Did that once. Actually picked someone up. But they were going somewhere in the city i was passing So it was more of a diverson.


----------



## Altima ATL (Jul 13, 2015)

Jdelacruz129 said:


> Did that once. Actually picked someone up. But they were going somewhere in the city i was passing So it was more of a diverson.


Jut said to use destination filter - nothing about accepting rides if you do not want. After all your question was about claiming mileage as a tax deduction.


----------



## newdriverintown (Sep 20, 2017)

Jdelacruz129 said:


> So I live in the Central valley in california (Merced,CA) It's about a 2 hour drive to the SF Bay Area 1 way. Doing Uber at home doesn't make me enough money, So i drive where the real money is (The Bay Area). Anyways is the Gas/Mileage driving to and from the bay a tax write off? Also is Motel's/Hotel's a write off as well. Because sometimes I get tired from driving in the bay all day and I dont want to drive 2 hours at like 12-1 AM about to fall asleep on the wheel. So i get a room on some night's (Mostly on the weekends)
> 
> I would think a normal Job that has you travel alot has travel a tax write off . But i never seen it anywhere about travel expenses a write off for driving with Uber.


Don't quote me, but I don't see why not. Buy you a desk and tell the IRS you have a home office, and you should be able to. Read the IRS instructions they provide online and their other published documents. It might be a headache reading, but you will find there what all you can deduct. And deduct everything you can. How else do you think Trump doesn't pay taxes? Because he used all the legal deductions available.


----------



## Older Chauffeur (Oct 16, 2014)

newdriverintown said:


> Don't quote me, but I don't see why not. Buy you a desk and tell the IRS you have a home office, and you should be able to. Read the IRS instructions they provide online and their other published documents. It might be a headache reading, but you will find there what all you can deduct. And deduct everything you can. How else do you think Trump doesn't pay taxes? Because he used all the legal deductions available.
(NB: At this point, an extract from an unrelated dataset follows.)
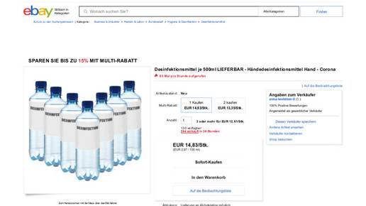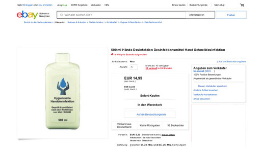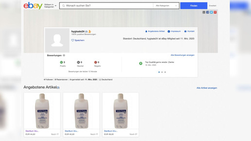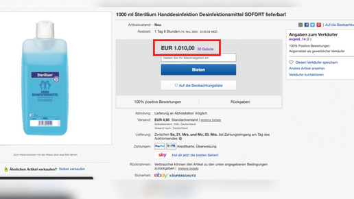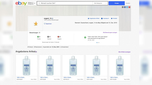 Rechtsanwalt Diekmann hat sich daher verschiedene Anbieter im Auftrag von Kraus genauer angesehen. Und wurde meist schnell fündig. So hat etwa die Firma Mühlich Metallerzeugnisse unter dem Verkäufernamen tm-metall bei Ebay ihr Portfolio erweitert. Zählen sonst Druck- und Zugfedern, Maschinenbauteile und Spezialwerkzeuge zum Sortiment, wurde auf dem Online-Marktplatz unlängst Desinfektionsmittel in einer Halbliterflasche angeboten.
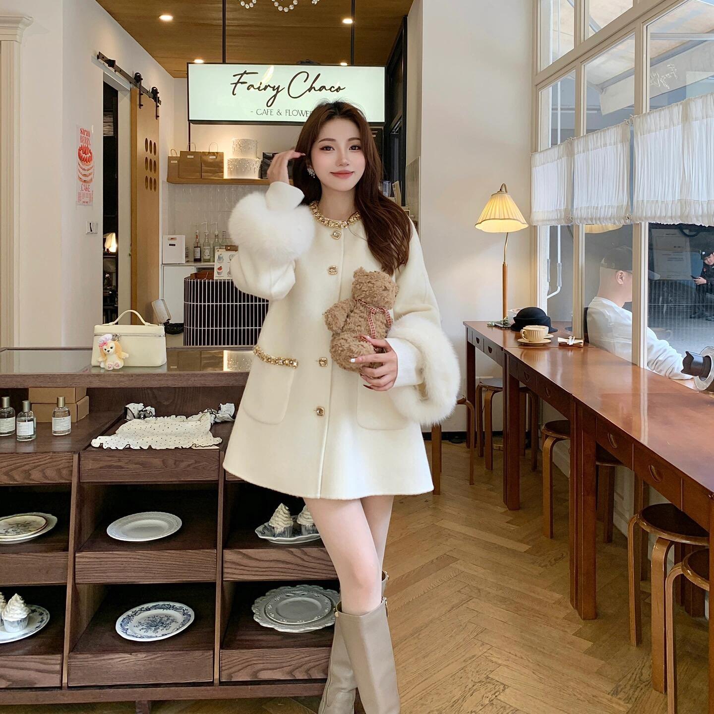 韩系钉珠双面羊毛大衣

I don't believe just having a desk will meet the requirements for the home office deduction. You have to dedicate a room in its entirety, and not use it for any purpose other than business. Since rideshare by definition takes place almost entirely in your car, it might be a really hard sell.

I don't claim a home office, but I book jobs and bill my clients at my desk. Your job booking and billing are effectively done through your phone, right? A further wrinkle for a homeowner is the accounting when you sell the home. Not worth it, IMHO. However, I am not a tax professional.


----------



## Mars Troll Number 4 (Oct 30, 2015)

OK, here's my take on the situation...


Are you driving to the Bay area to go shopping?
Visit a friend?
Go sight seeing?

OR WORK?


----------



## JR0145 (Sep 30, 2017)

Generally speaking if you conduct most of your business in a location that is away from the home in which you live (tax home), the location where the business is conducted becomes your tax home regardless of where you live. In this situation the mileage between the home (where you live) and your tax home (where you work) is considered commuting and as such not deductible. IRS Publication 463 will have the tax implication of this situation. Do not consider this tax advice and please consult a tax professional if you have a questions.


----------